The Irish have a “Lilt” also

…as in “in the lilt of Irish laughter you can hear the angels sing”

Try Ashley Jensen playing Christina McKinney in Ugly Betty.

Every time she speaks it jars as I just hear a very local accent in a wrong place.

|I once nursed an elderly Aberdonian who was nearly ninety and had been deaf for over sixty years. Her un-ameliorated Aberdeen accent and dialect was as impenetrable as many foreign languages!

This is called a glottal stop

It started off as a London affectation, but now covers most of southern and eastern England up into the Midlands and down into Somerset and Devon. Cornish Englis has always had a faint glottal stop- it used to be a sure fire way to distinguish Devon from Cornish English, but now no more!

Actually I believe Ohio is considered the non-accent. Even IF the stranger doesn’t mention he’s from ‘cali’ within 5 seconds of talking (which has never happened), I’d be able to tell quickly.

eye luv mi Coom-bine 'ahrvester!

I dispute that it’s solely of London origin. As you indicate, there’s also indigenous glottal stops (oh, the irony of the Ts in the middle of that word ‘glottal’) in other regional accents. I should know :slight_smile:

Disna nit ken it’s “'aaaaaaaaaarvister”

Innit

Glo’al stops are all over the place, but one of the weirder regional variations is the Bristol “l”. It’s really hard for a Bristolian to pronounce a word ending in a weak vowel - they don’t seem able to stop without the lingual creeping in. Thus I’ve heard a lorry driver explaining on TV that he carries a fire extinguisher “for engine fires, et ceteral”, and a Bristolian who knew his geography could tell you that Miami is in Floridal. The bass line in a brass band would be carried by a tubal (I suppose you might hear a Wagner tubal played at the operal). The average income might be £23,500 per capital. And so on.

And Bristol itself was originally called Brigstowe. They just can’t help it :slight_smile:

Frylock writes:

> The origin (and continued place of habitation) of the “accentless” accent is
> around Ohio.

Sitnam writes:

> Actually I believe Ohio is considered the non-accent.

The interesting thing is that the Wikipedia link that Frylock gives claims that the accent is found most closely in an oval stretching from eastern Nebraska to northwest Illinois. This entry in Wikipedia:

claims that it can be heard in California.

As I said in my previous post, I think that the closest you’ll find to it is in rural northwest Ohio. I emphasize it’s only the rural part of northwest Ohio, because Toledo and its suburbs are part of the Northern Cities vowel shift:

Of course, I may be prejudiced because I grew up there. Indeed, I sometimes make the joke that linguistic surveyors came around to my parent’s farm in northwest Ohio and planted a marker on it that declared “On the exact spot is spoken standard American English.” But, seriously, I’m not even sure that standard American English is spoken anywhere exactly. It may be purely a composite.

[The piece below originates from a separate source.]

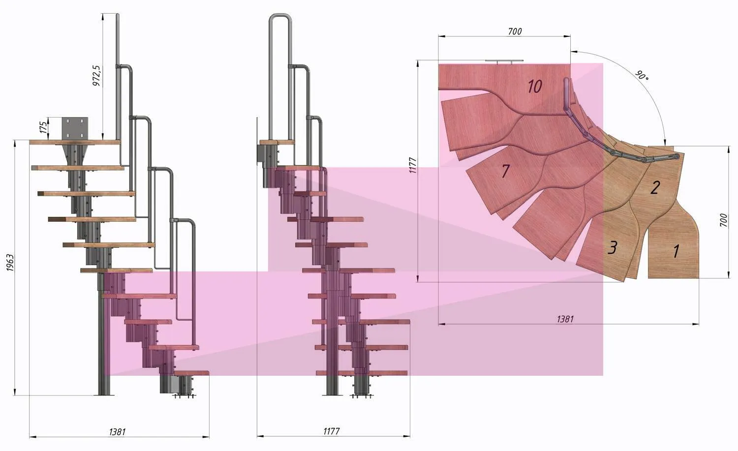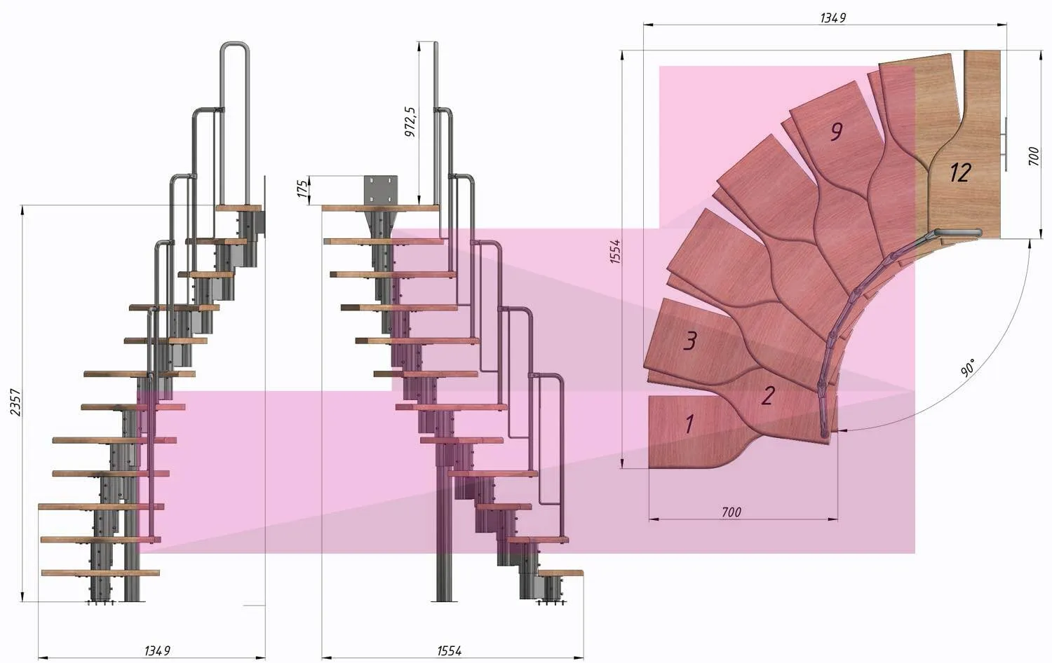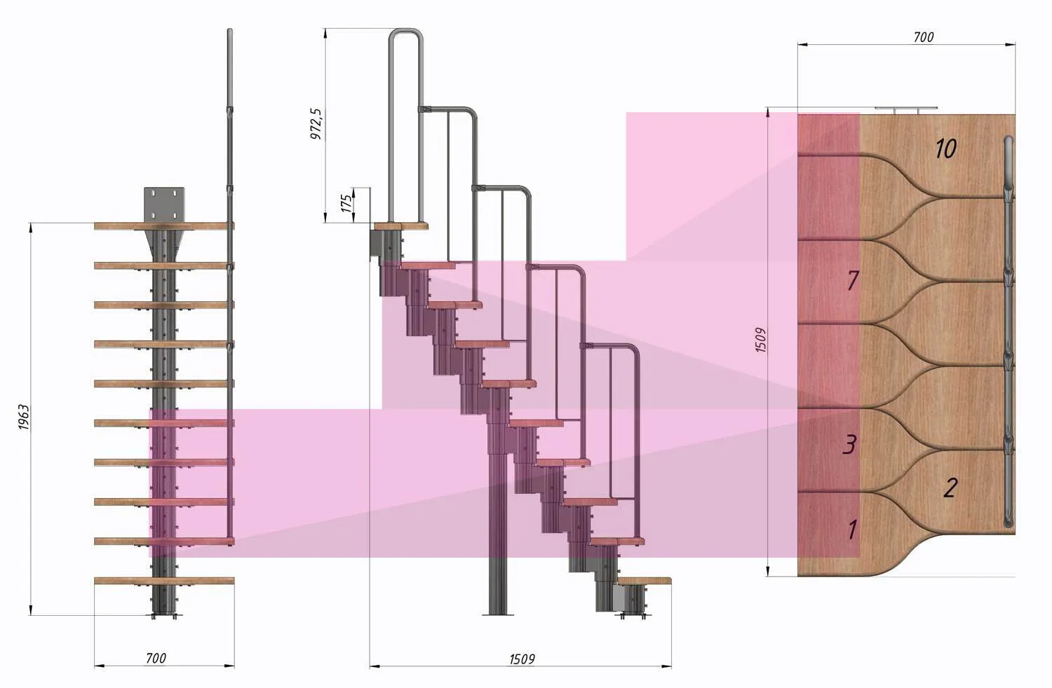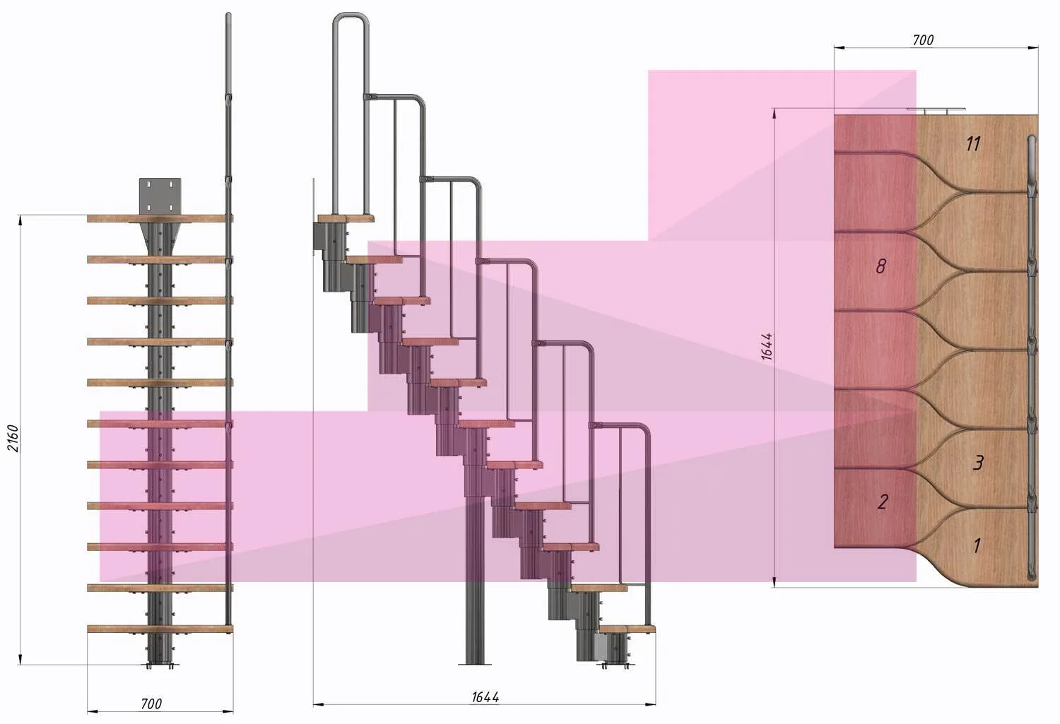 - Регулируемый по высоте в пределах 180-240 мм модуль. Большой диаметр и толщина металла деталей обеспечивают жесткость и прочность конструкции. Регулировка каждого модуля по высоте позволяет легко приспособить лестницу под ваше помещение.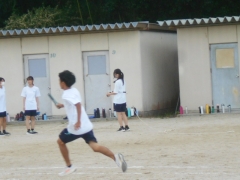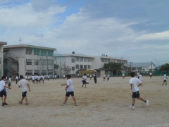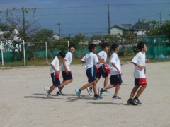 この時間は、小集団種目(大縄跳び)、生徒会種目(しっぽとり)、選抜リレーの練習をしました。

In the sixties and seventies, Bristolians drove Cortinals :wink:

Another variation of this exists around here. Kettle is pronounced “keckle”, little “lickle” etc.

And named their daughters Normal and Evil*…

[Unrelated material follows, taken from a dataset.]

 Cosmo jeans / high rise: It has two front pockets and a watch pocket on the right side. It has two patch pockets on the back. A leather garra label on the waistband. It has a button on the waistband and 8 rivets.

I used to work on local radio there “I’m calling from the Bedminster areal”…

*Norma and Eva

This is also common in West Indian patois.

I was in Scotland 20 years ago – I had no problems in Edinburgh and Glasgow, but I found the folks in Inverness VERY hard to understand. Some people may as well hahve been speaking Norwegian. Note that I was born and raised in New Jersey and cast no frickin’ stones on the purity of anybody’s English.

Oh, and the idea that people from Ohio or Nebraska have “no accent” is silly. There is no standard American accent, and the “neutral” accent affected by TV newscasters is, like the “mid-Atlantic” accent my mother got when she studied speech in 1955, a learned one.

You ever been to New Hampshire?

My first stay in the US was there. It took myself and my fellow Europeans (six of which were Brits) to figure out what the problem was. We said twenty. The locals said twinny.

I’m from Texas, and I say “twinny” too. We also say “pen” and “pin” the same 'round 'bout these here parts.

-FrL-

California, like Florida, grew so fast in the last half of the 20th century that any California accent is surely transplanted. “Los Angelinos,” says the song, “all come from somewhere.”

In a Florida hardware store, I told the manager, “I’m not from around here. I guess you could hear that in my voice.” He laughed. “Everybody’s from out of state, here, son. Hardly anybody was born here.” :smack:

So which one is Scotty on Star Trek?